AIM OF THE TASK: The data is to be repeated exactly, with the images removed.
____ DATA TO USE
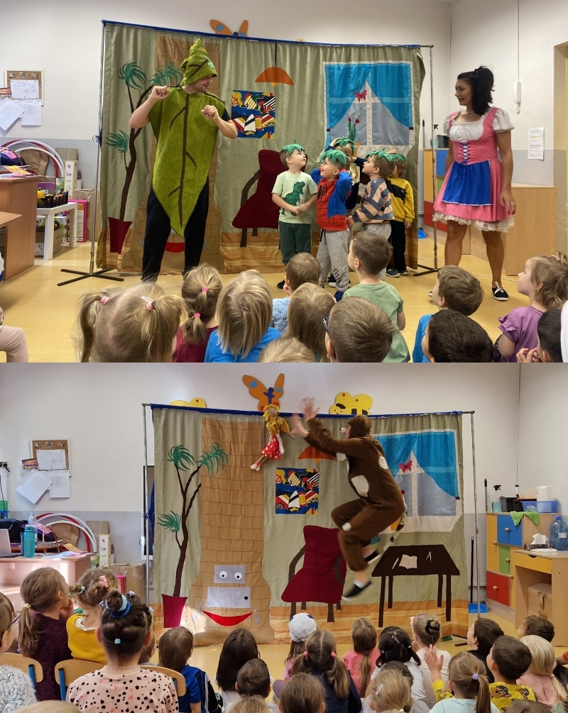 W czwartek (26.10.) gościliśmy w naszym przedszkolu teatr „Skrzat”. Nasze przedszkolaki z wielkim zainteresowaniem obejrzały przedstawienie pt. „Cztery mile za piec”.
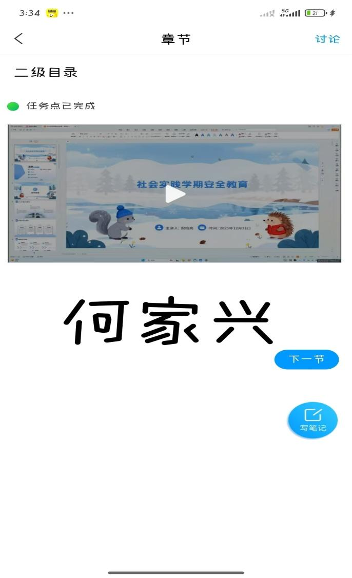 作为 2026 年社会实践学期的小组,第二周我们借助线上平台完成了安全教育专题学习。尽管是远程形式,大家仍以专注的状态投入全程,在线上完成了安全知识学习与理念深化的任务。
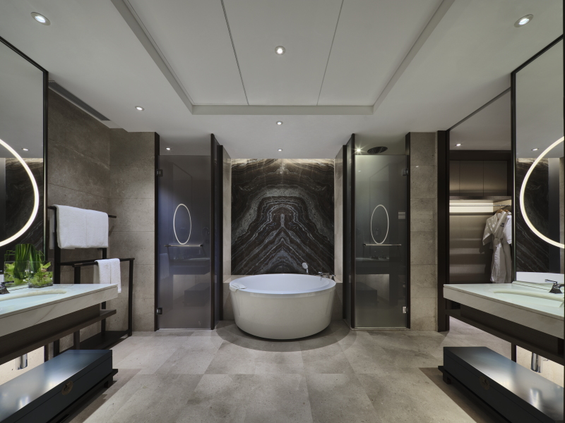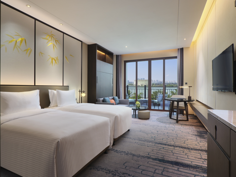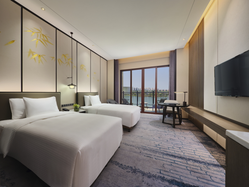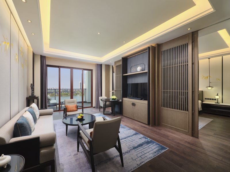 酒店一共有298间客房,3-9F则能将湖景+园景兼得。房内设有180度观景阳台,直面太湖,白日览湖光山色,夜间赏玉壶光转。
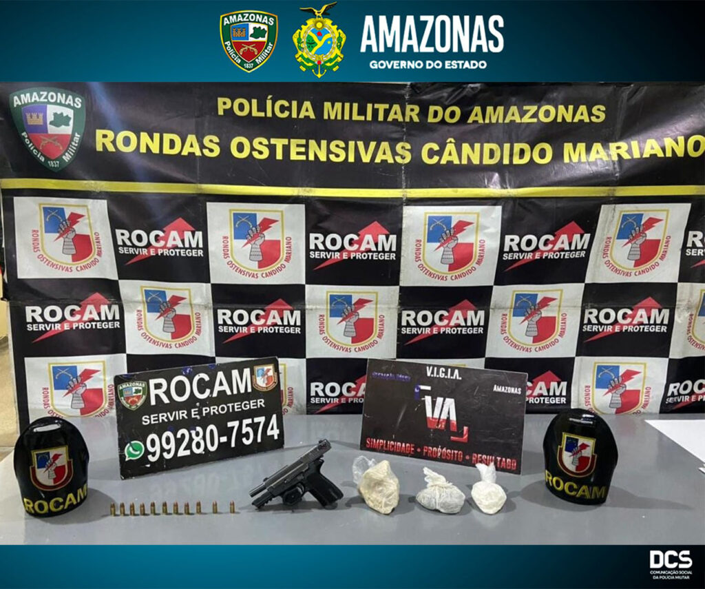 Policiais militares das Rondas Ostensivas Cândido Mariano (Rocam) detiveram, na tarde de sexta-feira (16/04), um homem por tráfico de drogas e porte ilegal de arma de fogo, durante a Operação Hórus, no município de Tabatinga (a 1.108 quilômetros de Manaus).
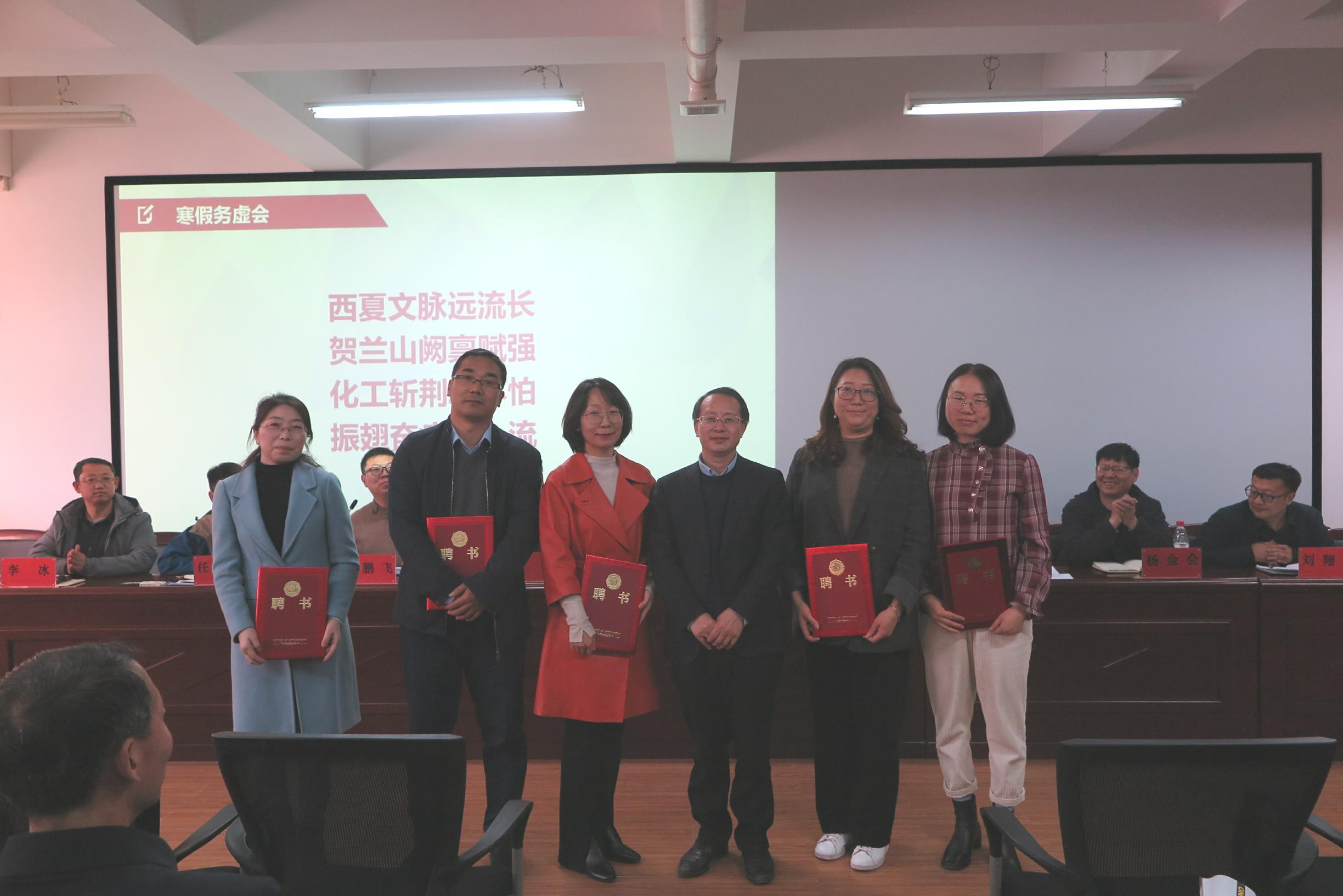 高继明书记宣布了《关于毕淑娴等同志职务聘任及解聘的通知》,学院决定聘任毕淑娴、彭娟为化学系副主任,范辉、马清祥为化工系副主任,陈小燕为实验中心主任,罗正鸿院长为新聘任的5位同志颁发了聘书。
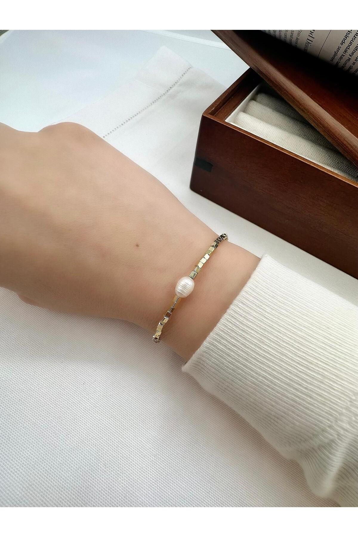Gold Kare Plaka Detaylı Barok İnci 14K Bileklik
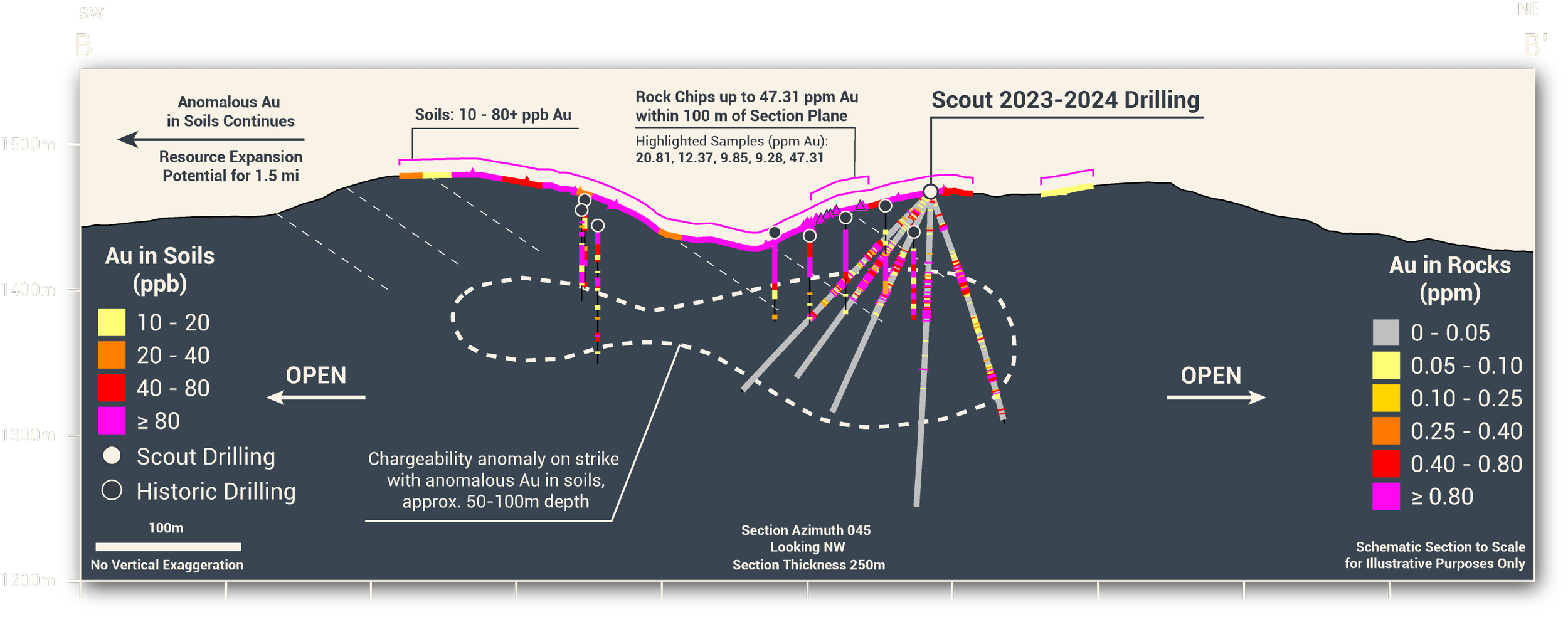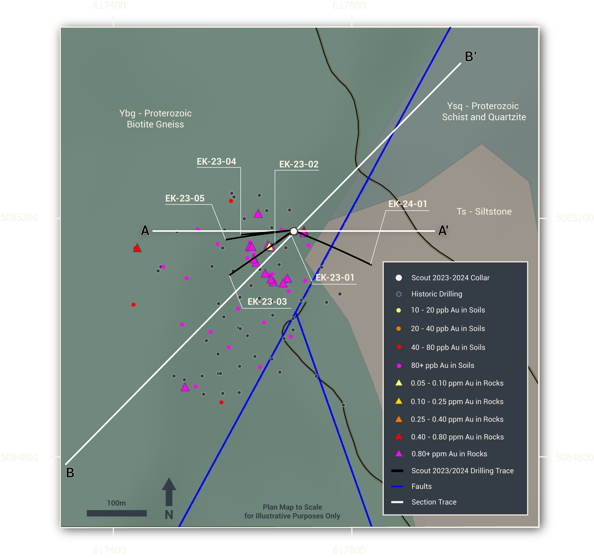 Drilling by Scout in 2023 and 2024 yielded intercepts of 100.6m @ 1.18 g/t Au (EK-23-05) and 98.18m @ 0.65 g/t Au, including 28.78m @ 1.43 g/t Au (EK-24-01)
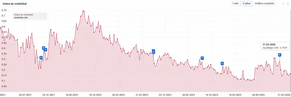 CMS MAG también cuenta con un índice de visibilidad mayor que la legendaria web de WordPress AyudaWP:
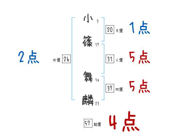 外運![]() | 小篠舞麟さんの外運は26画の2つ星!波瀾万丈かも。信頼できる人を大事にしましょう。 生活面を象徴する運勢です。外部から受ける影響力を表し、結婚運、家庭運や職場、環境への順応性を表します。 |
________
TASK RESULT:
 W czwartek (26.10.) gościliśmy w naszym przedszkolu teatr „Skrzat”. Nasze przedszkolaki z wielkim zainteresowaniem obejrzały przedstawienie pt. „Cztery mile za piec”.
 作为 2026 年社会实践学期的小组,第二周我们借助线上平台完成了安全教育专题学习。尽管是远程形式,大家仍以专注的状态投入全程,在线上完成了安全知识学习与理念深化的任务。
 酒店一共有298间客房,3-9F则能将湖景+园景兼得。房内设有180度观景阳台,直面太湖,白日览湖光山色,夜间赏玉壶光转。
 Policiais militares das Rondas Ostensivas Cândido Mariano (Rocam) detiveram, na tarde de sexta-feira (16/04), um homem por tráfico de drogas e porte ilegal de arma de fogo, durante a Operação Hórus, no município de Tabatinga (a 1.108 quilômetros de Manaus).
 高继明书记宣布了《关于毕淑娴等同志职务聘任及解聘的通知》,学院决定聘任毕淑娴、彭娟为化学系副主任,范辉、马清祥为化工系副主任,陈小燕为实验中心主任,罗正鸿院长为新聘任的5位同志颁发了聘书。
Gold Kare Plaka Detaylı Barok İnci 14K Bileklik
 Drilling by Scout in 2023 and 2024 yielded intercepts of 100.6m @ 1.18 g/t Au (EK-23-05) and 98.18m @ 0.65 g/t Au, including 28.78m @ 1.43 g/t Au (EK-24-01)
 CMS MAG también cuenta con un índice de visibilidad mayor que la legendaria web de WordPress AyudaWP:
 外運![]() | 小篠舞麟さんの外運は26画の2つ星!波瀾万丈かも。信頼できる人を大事にしましょう。 生活面を象徴する運勢です。外部から受ける影響力を表し、結婚運、家庭運や職場、環境への順応性を表します。 |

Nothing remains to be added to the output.